● **Source material**
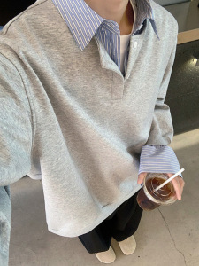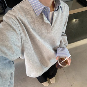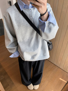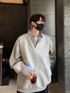 偽の2つの衝突色はシャツの襟の衛衣の男性の春の新型の長袖の襟をつなぎます。
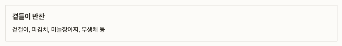 곁들이 반찬 겉절이, 파김치, 마늘장아찌, 무생채 등
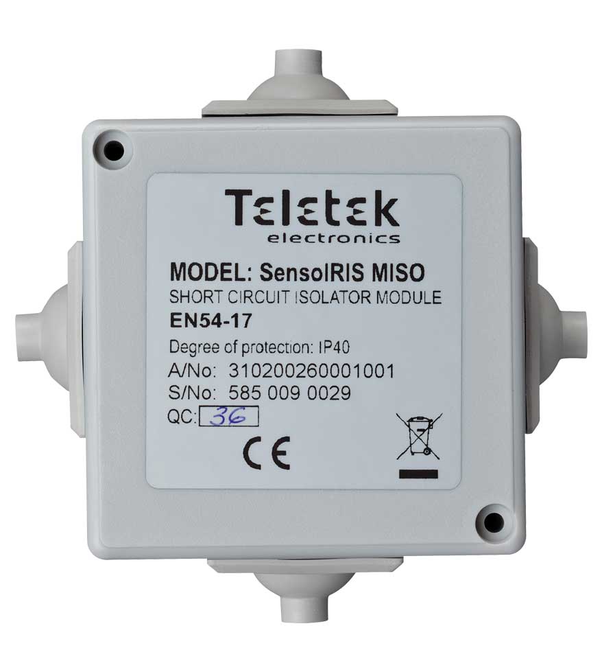 Características de módulo aislante, de acuerdo con EN54-17 SensoIRIS MISO
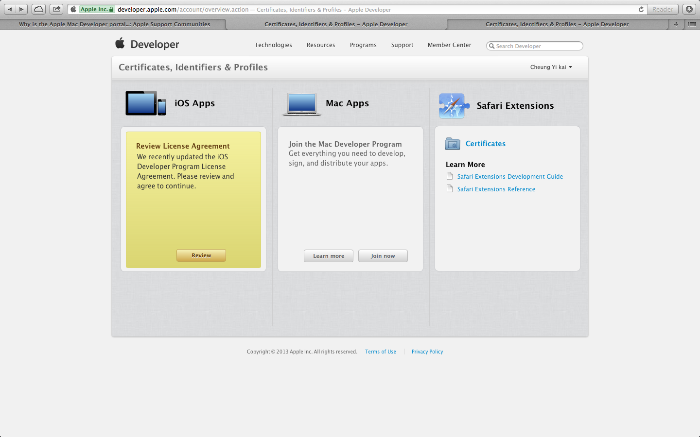We have the EXACT problem. I too cannot access the certificates to get a simple development certificate from apple.
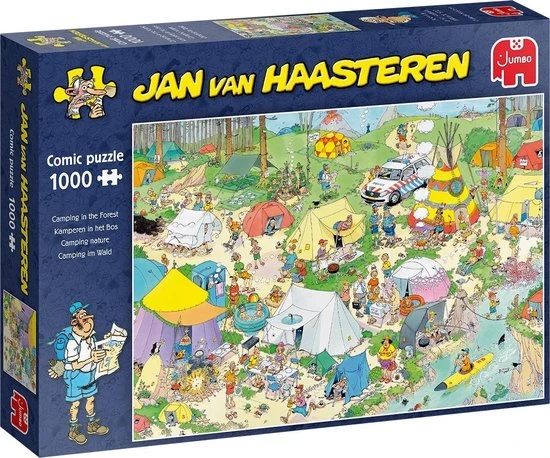 Jan van Haasteren Kamperen in het Bos met 1000 Stukjes is een van de nieuwe puzzels van Jan van Haasteren. Tijdens het kamperen verloopt niet alles even soepel. Kamperen in het Bos van Jan van Haasteren is een puzzel met 1000 stukjes voor de echte Jan van Haasteren fans! Zodra je Jan van Haasteren Kamperen in het Bos met 1000 Stukjes begint te puzzelen stuit je op het ene na het andere hilarische tafereel. Jan van Haasteren heeft ook deze keer weer laten zien dat humor op een prachtige manier kan worden verwerkt in een puzzel. Jan van Haasteren puzzels zijn puzzels met veel kleur en details. Jan van Haasteren tekent al decennia lang humoristische platen die je steeds weer verrassen en laten lachen. De echte fans kennen de specifieke kenmerken van Jan van Haasteren en zoeken in elke puzzel direct naar de haaienvin, Sinterklaas, de handjes, het kunstgebit en Jan?s zelfportret. Jumbo heeft tientallen Jan van Haasteren puzzels in de collectie van 54 tot maar liefst 5.000 puzzelstukjes.
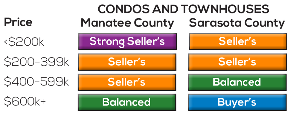 The local market for condos and townhomes is continuing its shift in the Pandemic. When compared to last year at this time, the market favors sellers across all price points in Sarasota County. While Manatee County has the same story as Sarasota County across most price points, the $1M+ price range has improved materially for buyers when compared to last year at this time.
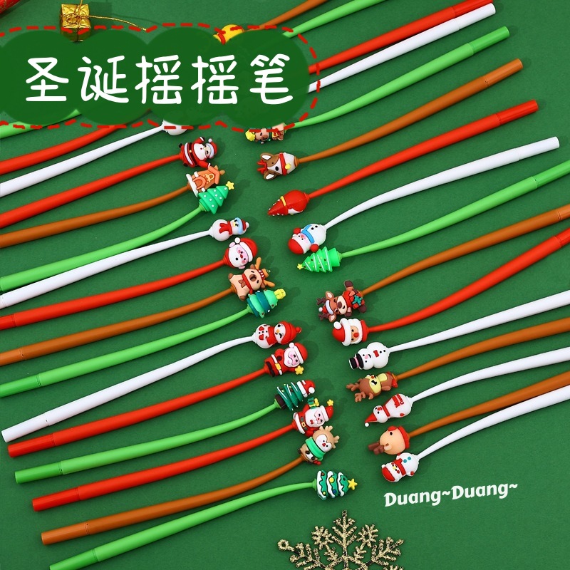 圣诞卡通摇摇乐中性笔学生黑色硅胶签字水笔圣诞节学生文具小礼品
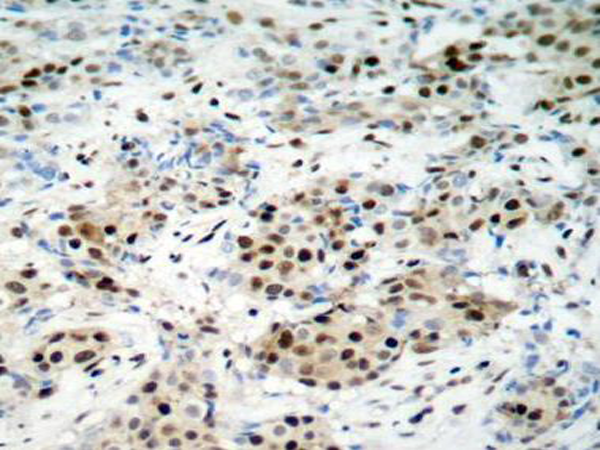 The image is immunohistochemistry of paraffin-embedded Human breast carcinoma tissue using CREB1(Phospho-Ser133 Antibody) at dilution 1/50 (Original magnification: ×200) |
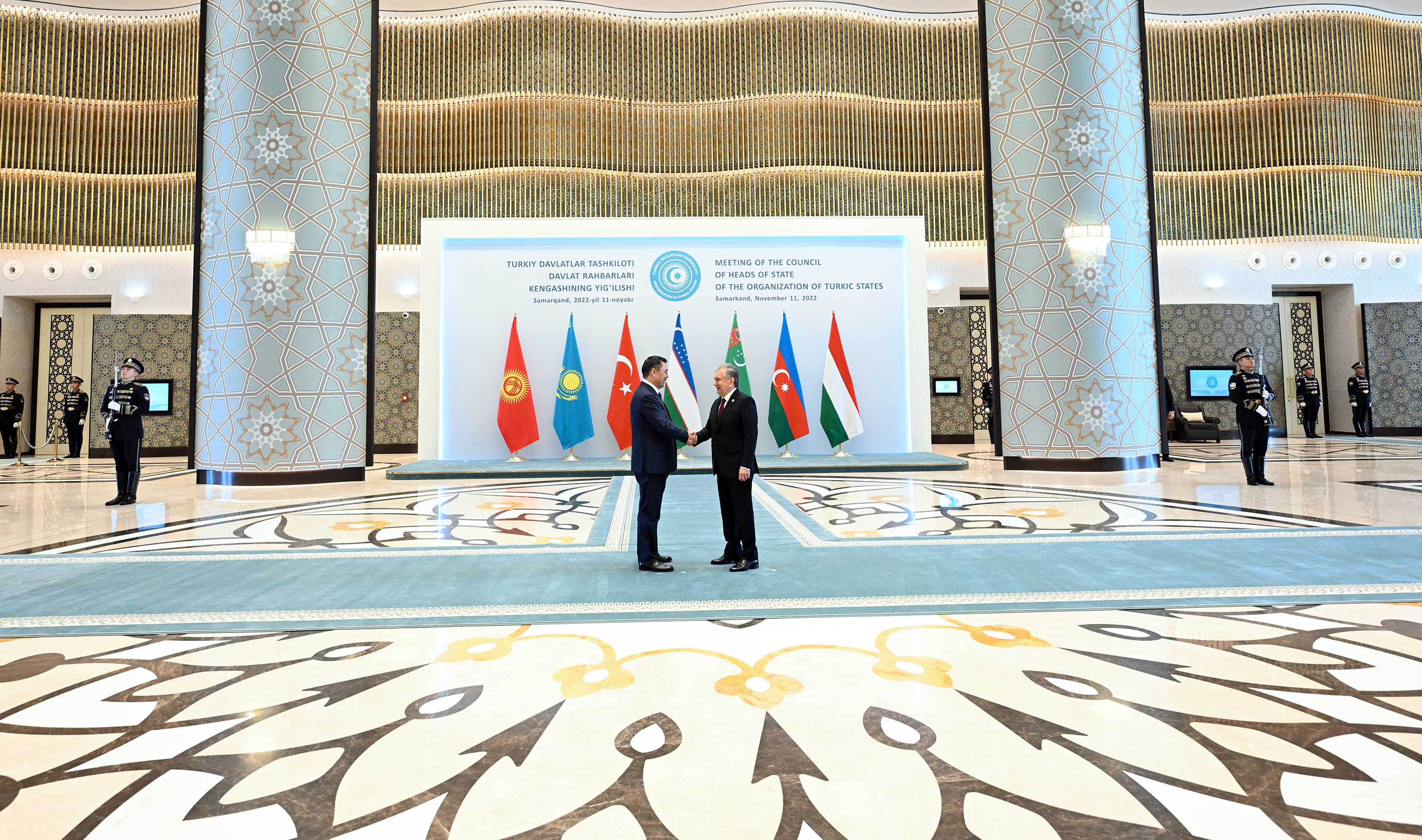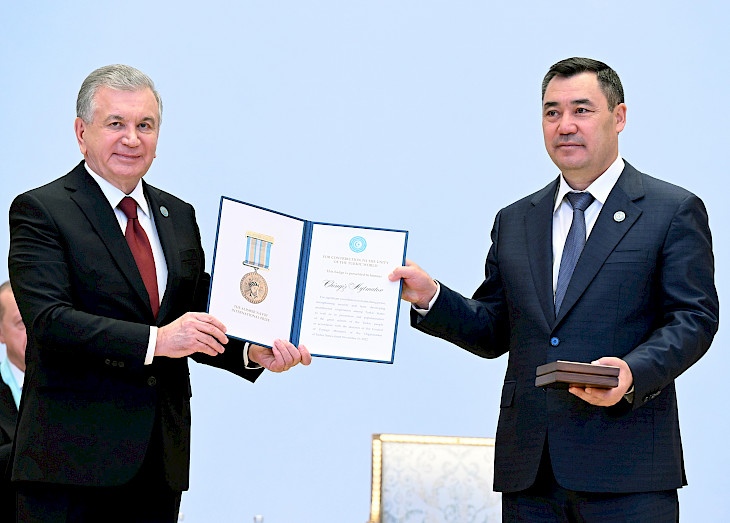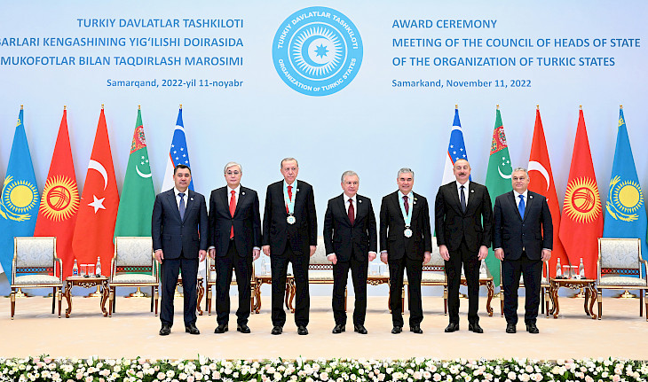 Бишкек, 11.11.22. /Кабар/. Кыргызстандын президенти Садыр Жапаров бүгүн, 11-ноябрда, Самарканд шаарында (Өзбекстан Республикасы) өткөн Түрк мамлекеттер уюмуна (ОТГ) мүчө-өлкөлөрдүн тогузунчу Саммитинин жыйынына катышты.
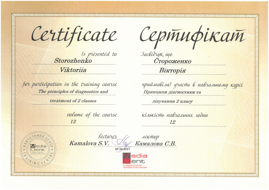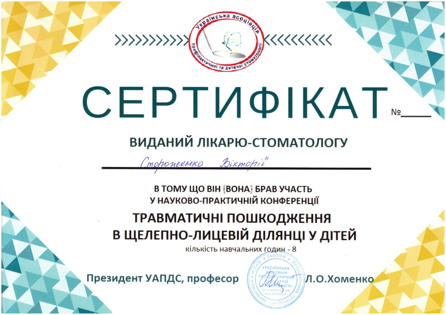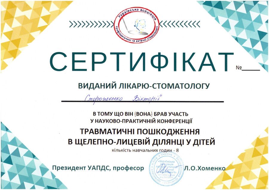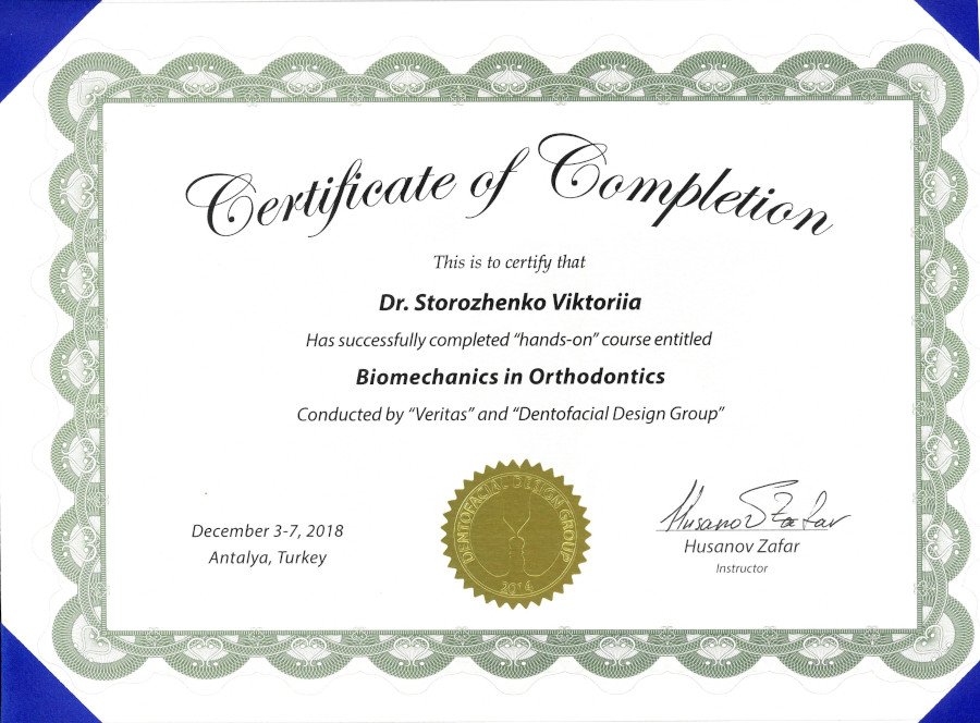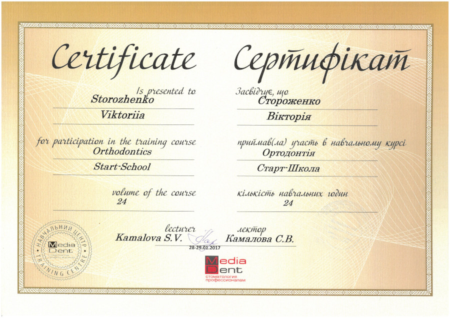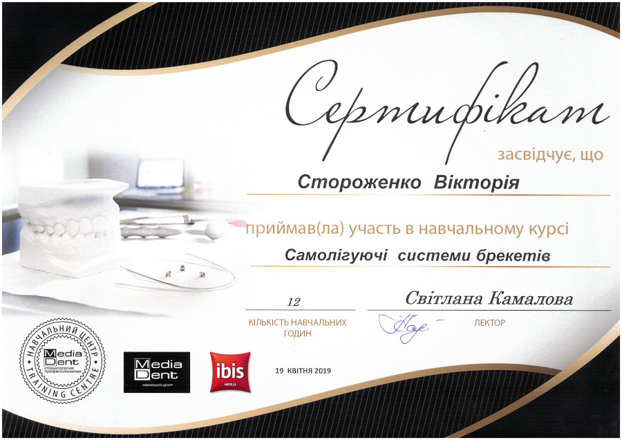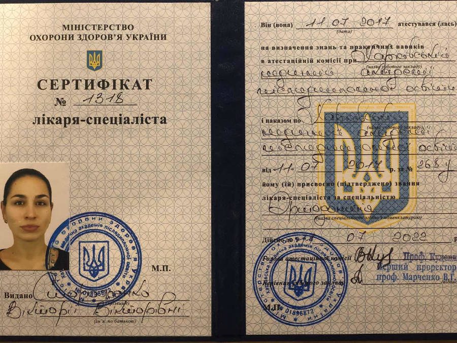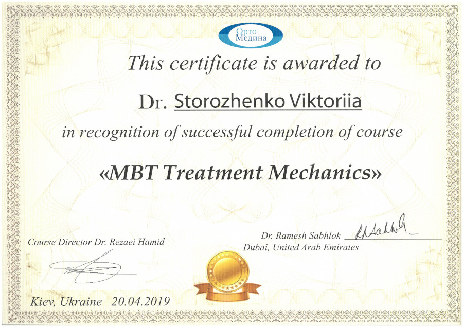 Спеціалізація “Ортодонтія” отримана у Харківській медичній академії післядипломної освіти
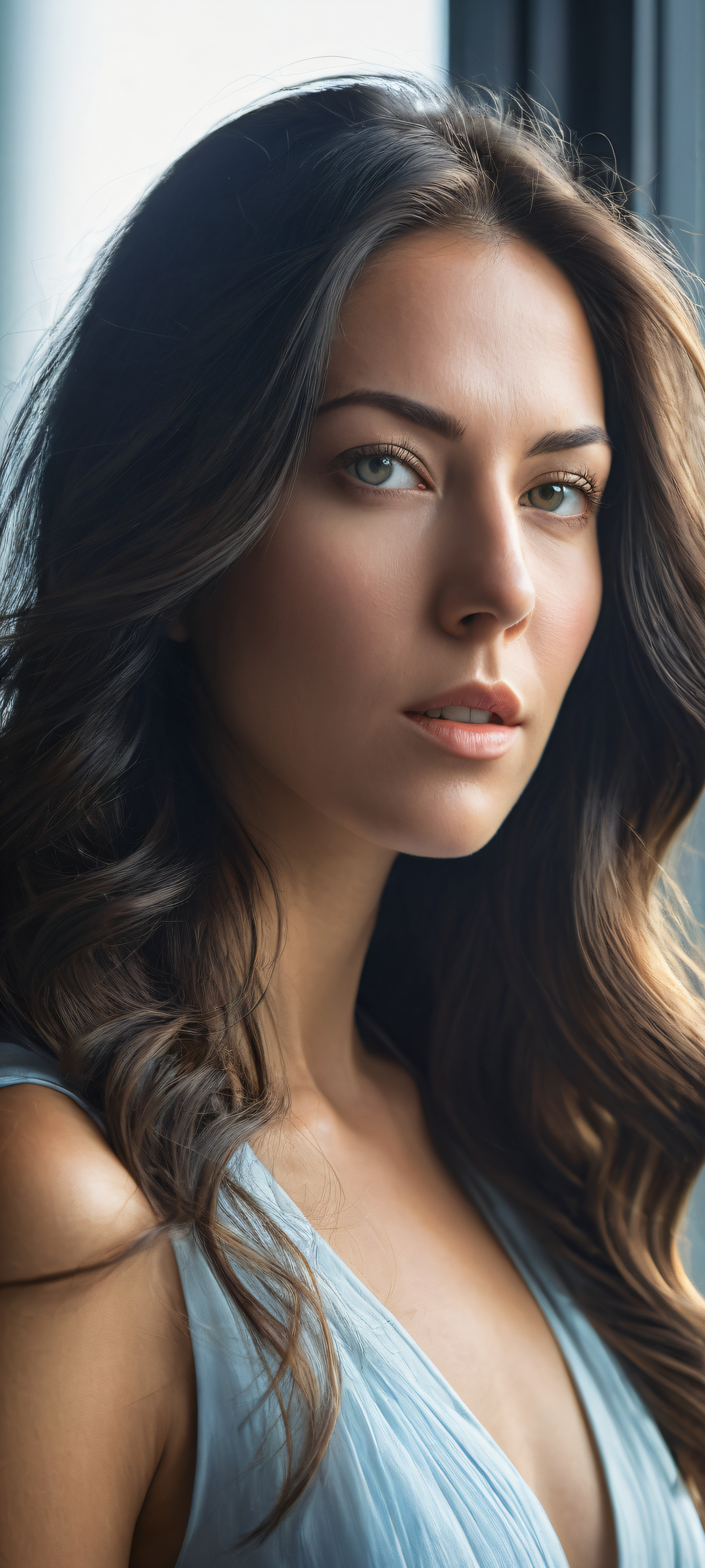 A breathtaking vertical portrait artwork of Christina Koch placed in the lower-middle with insane micro-details on her long hair, Perfectly clean and empty top half with vast pure void, contrasted by a dark background window scene from Artemis 2 mission, Award-winning digital art with stunning visual impact and pristine clarity, Ethereal lighting with radiant colors and ray-traced reflections, capturing the essence of a bright and airy atmosphere, [‘Soft Pastel Blues (#C5E1F7), Celestial Whites (#FFFFFF), Dark Space Grays (#333333)’], ethereal lighting, radiant, brilliant colors, ray traced reflections, pristine clarity, portrait composition, centered subject in the lower middle, perfectly clean and smooth top half for UI, extreme depth of field blurred background, highly textured surfaces, intricate micro-details, physically based rendering, award-winning digital art, epic breathtaking scale, stunning visual impact, perfect composition, macOS wallpaper aesthetic, masterpiece, 2K QHD resolution, 9:20 aspect ratio.
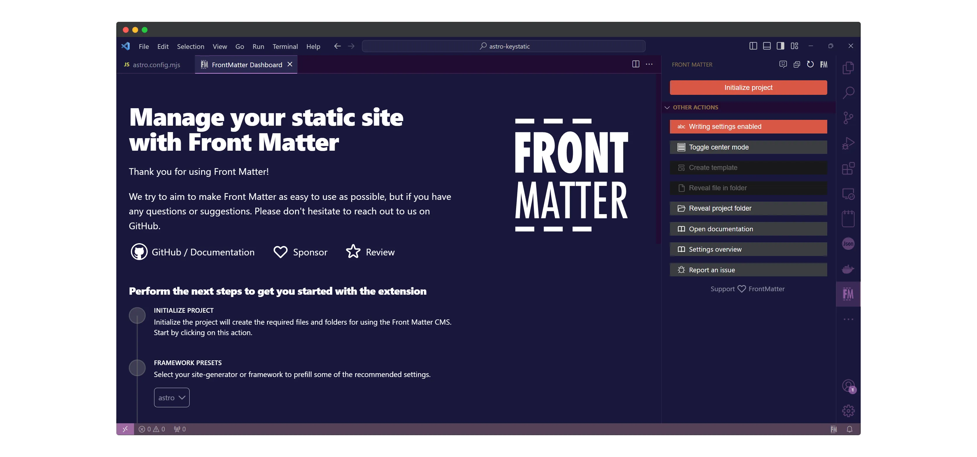 After installation, it’s time to open a project that you want to use with Front Matter CMS. After doing so, press the FM icon in the sidebar and follow the instructions. At this point, the basic configuration is almost done.

● **What to do**
Would you restate, exactly and with no pictures, the lines of the entries above from the one containing "圣诞卡通摇摇乐中性笔学生黑色硅胶签字水笔圣诞节学生文具小礼品" through the one containing "The image is"?

● **Result for this task**
 圣诞卡通摇摇乐中性笔学生黑色硅胶签字水笔圣诞节学生文具小礼品
 The image is immunohistochemistry of paraffin-embedded Human breast carcinoma tissue using CREB1(Phospho-Ser133 Antibody) at dilution 1/50 (Original magnification: ×200) |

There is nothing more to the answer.